Just because I was going out in public didn't mean I'd have to, you know, get dressed for it or anything though, I reasoned to myself.  I mean, I did have a bra on (first time in '11 - woot) and was fully clothed, but I saw no reason to put on a pair of jeans when I was so cozily clad in a pair of these:


(Those, by the way, are not my legs, feet or abdomen.  Have I mentioned Sunday Night Nachos?  I don't think the model above has ever eaten Any Night Nachos.  Nor would I pair microfleece pants with bare feet in kicky ballet flats.  I don't own kicky ballet flats.  Kicky ballet flats make Heather's Hobbity Hooves look particularly ginormous.)

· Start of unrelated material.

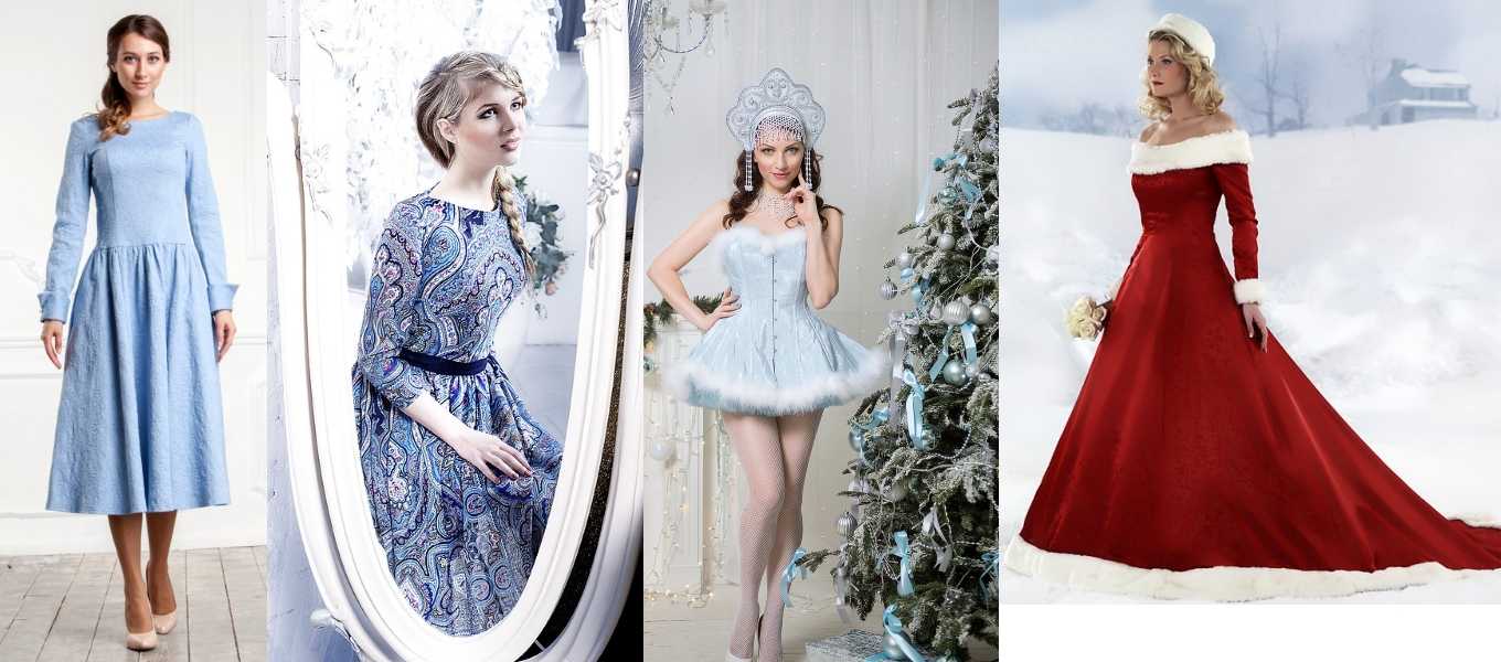 Под костюм снегурочки отлично подойдут разнообразные платья, которые можно дополнить аксессуарами

Anyhow, I threw on a fleece jacket, some wool socks and clogs and off I went.  I pulled on a pair of fleece gloves in the car because DANG it is cold again here in western NY.  What I'm trying to say here is, I was Primed for Major Static Happenings, had I paused to think about it for just a second.

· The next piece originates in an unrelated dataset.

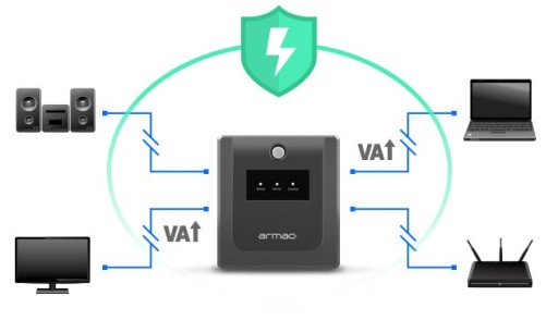 Armac oferuje ulepszone działanie UPS-ów poprzez zastosowanie funkcji Automatic Voltage Regulator. Dzięki AVR klasyczne rozwiązanie zasilania w topologii Line-Interactive zostaje usprawnione na wskutek wdrożenia autotransformatora sieciowego, który na bieżąco reguluje napięcie przekazywane urządzeniom podpiętym do UPS-a.

This wasn't my first time wearing these delightfully comfy, microfleece yoga pants out in public, by the way.  Nope, I wore them all the way back from NJ to NY last weekend.  They've traveled, is what I'm saying.  Traveled with nary a hint of the horror that was to come my way as I trudged through the parking lot and into the store.

I noticed it first as I was briskly striding towards the entrance.  My pant legs felt a bit... snug.  I reached down and shook them out and kept going.  After all, one of the best features to a pair of yoga pants is their roominess.  Their embodiment of the exact antonymy of skintight.

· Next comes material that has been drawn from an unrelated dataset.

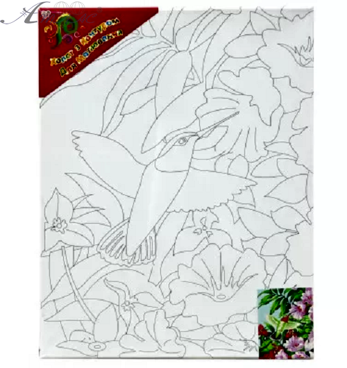 Полотно з контуром Пташка - Колібрі на підрамнику 30 х 40 см 951019

By the time I'd gotten a cart and gone into the store proper, I realized that this was not just a momentary trouble.  My legs were wrapped in what appeared to be microfleece leggings, not yoga pants.  By the time I'd worked my way through the produce aisle and over to chips, my lower half was snap, crackle and popping as though my skin were made of Rice Krispies. Egads.  I caught another shopper's gaze traveling up and down me as she approached me near the crackers.  I was almost afraid to look down at myself, so I met her gaze with a jaunty "and???" look in response and kept on going.  Once safely past her Judgy McJudgerson glare, I risked a glance downward.  What had been comfy, microfleece yoga pants when I put them on at home were now Stage Five Clingers of highwater proportions.  I'm talking microfleece capris here, y'all.  It was not flattering.  (I'm not sure if I was drawing more ireful looks for the noise of the static electricity or the sight of my shrinkwrapped-in-microfleece legs and rear.  I'm pretty sure I was generating enough sparks to have a halo-effect of glow around me, though.)

There wasn't much I could do, besides shoplift a can of Static Guard from the shelves and make a break for the bathroom, but I was a bit worried that if I moved any more quickly, I'd actually burst into flames.  By this point, my hands were getting shocked every time I moved them the slightest bit on the cart handle.  I sounded as though I was hiding a popcorn popper in my undies.  I quite probably could've powered my neighborhood, if not the whole town, with the amount of electricity I was generating with each and every step.

Finally, I made it to the checkout, through the checkout and back outside.  Hoping that the falling snow would dampen the static, I walked as slowly as I dared back to the car.  I stopped a few times to tug the bottoms of my pantlegs down somewhere closer to my ankles (in retrospect, not having shaved probably didn't help matters - the stubble on my legs was standing straight up and likely contributing to the statickyness of it all).  I was so relieved to finally reach the safety of my vehicle where I could zap myself home in peace.

Can you imagine the headlines?  Stay at home mom dies in New Year's yoga pants conflagration....  Needless to say, I'm not wearing those pants, comfy as they may be, out in public again unless I douse them liberally with Static Guard first.

And how was your opening weekend of 2011?  Equally exciting but less combustible, I hope!